Estas elecciones mostraron la profunda división en los Estados Unidos, que en muchos lugares llevó a resultados electorales extremadamente marginales. El intenso enfrentamiento entre las dos partes y la retórica y práctica extremas no es un hecho aislado y puede profundizarse aún más, teniendo un impacto negativo en el país.

Las razones de la resiliencia electoral de Trump se deben a que el presidente Trump había adoptado una retórica antisistémica de denuncia de las élites, a las que sin embargo pertenece, así como una táctica agresiva contra las fuerzas de la globalización, aspectos que tocaron fuertemente grandes sectores de la clase media y, por supuesto, la clase trabajadora.

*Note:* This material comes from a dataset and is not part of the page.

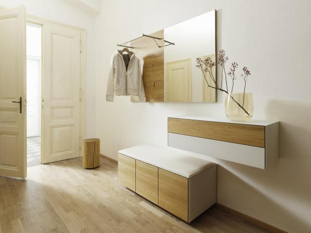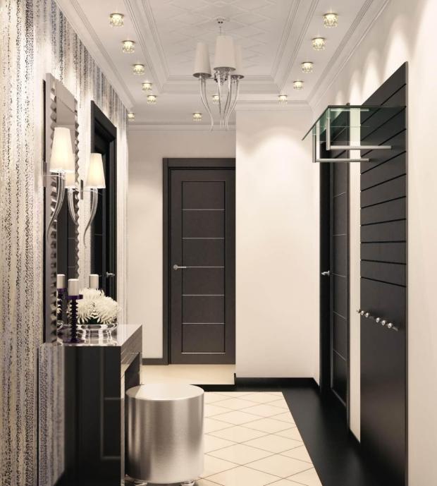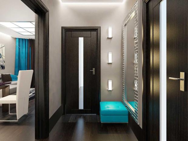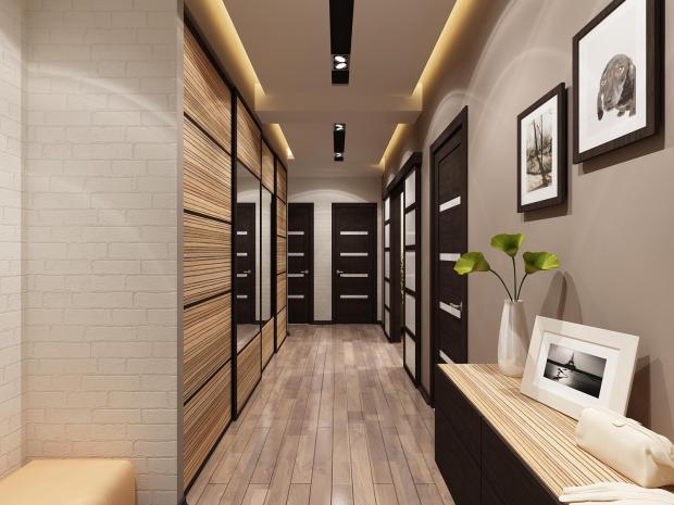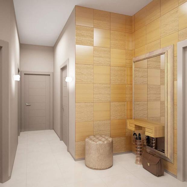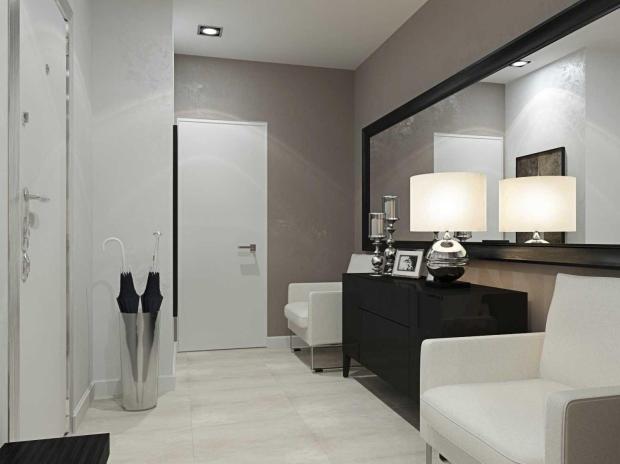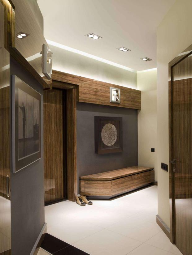 Аккуратность, смысловая и цветовая ясность интерьера прихожей с первых минут создает приятное впечатление о квартире в целом. Отделка, меблировка, оформление дверей в сочетании с теплой подсветкой легко воспринимаются единой композицией.

Entonces, a los desempleados, a las personas que sienten que no tienen voz, a los habitantes de la provincia que son ridiculizados por sus modales y costumbres por los arrogantes residentes metropolitanos, incluso a los ciudadanos pertenecientes a minorías pero también a todas las grandes comunidades, como los afroamericanos y latinos, el discurso de Donald Trump ha encontrado y sigue encontrando una gran resonancia. Y esto a pesar de que todos los movimientos por la protección de los derechos (black lives matter, etc.) estaban claramente en su contra.

Y si no se hubiera producido la pandemia de coronavirus y no hubiera estallado la segunda ola, que está golpeando a Estados Unidos con tanta violencia como la primera, Donald Trump habría ganado fácilmente las elecciones. Así, después de los primeros tres años de resultados económicos positivos de la administración Trump, el cierre de marzo provocó el cierre de muchas pequeñas y medianas empresas, mientras que más de 20 millones de estadounidenses se quedaron repentinamente sin trabajo.

Y Donald Trump sin duda habría ganado las elecciones presidenciales sin la crisis de salud dado el hecho de que Joe Biden, quien expresa el internacionalismo neoliberal, el proceso de globalización relacionado y la «sociedad abierta» de las ONG y las muy poderosas instituciones económicas como las fundaciones George Soros y Bill Gates. etc., claramente parecía haberse quedado sin fuerzas, propuestas y consignas antes incluso de llegar a la línea de meta.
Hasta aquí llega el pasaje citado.